**What is needed**.
Examine each line of the listing below. Copy those in which the string "with" appears.

**Data shown**.
* * *

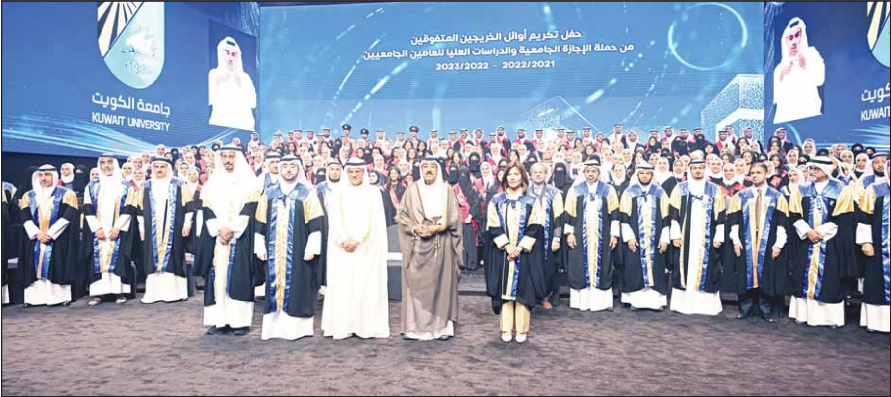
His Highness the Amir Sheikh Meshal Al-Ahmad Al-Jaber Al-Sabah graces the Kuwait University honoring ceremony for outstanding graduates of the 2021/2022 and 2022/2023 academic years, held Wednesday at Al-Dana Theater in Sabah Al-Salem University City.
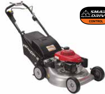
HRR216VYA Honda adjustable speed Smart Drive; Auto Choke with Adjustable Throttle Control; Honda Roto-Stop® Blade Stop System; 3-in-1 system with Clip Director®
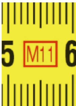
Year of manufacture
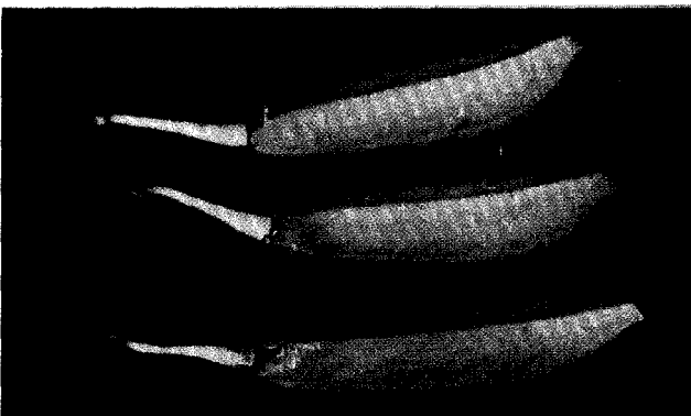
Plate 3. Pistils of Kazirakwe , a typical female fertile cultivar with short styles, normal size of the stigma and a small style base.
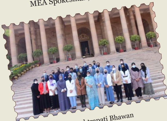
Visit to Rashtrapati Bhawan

* * *

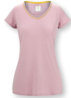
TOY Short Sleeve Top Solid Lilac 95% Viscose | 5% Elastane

* * *

**Solution**.
HRR216VYA Honda adjustable speed Smart Drive; Auto Choke with Adjustable Throttle Control; Honda Roto-Stop® Blade Stop System; 3-in-1 system with Clip Director®
Plate 3. Pistils of Kazirakwe , a typical female fertile cultivar with short styles, normal size of the stigma and a small style base.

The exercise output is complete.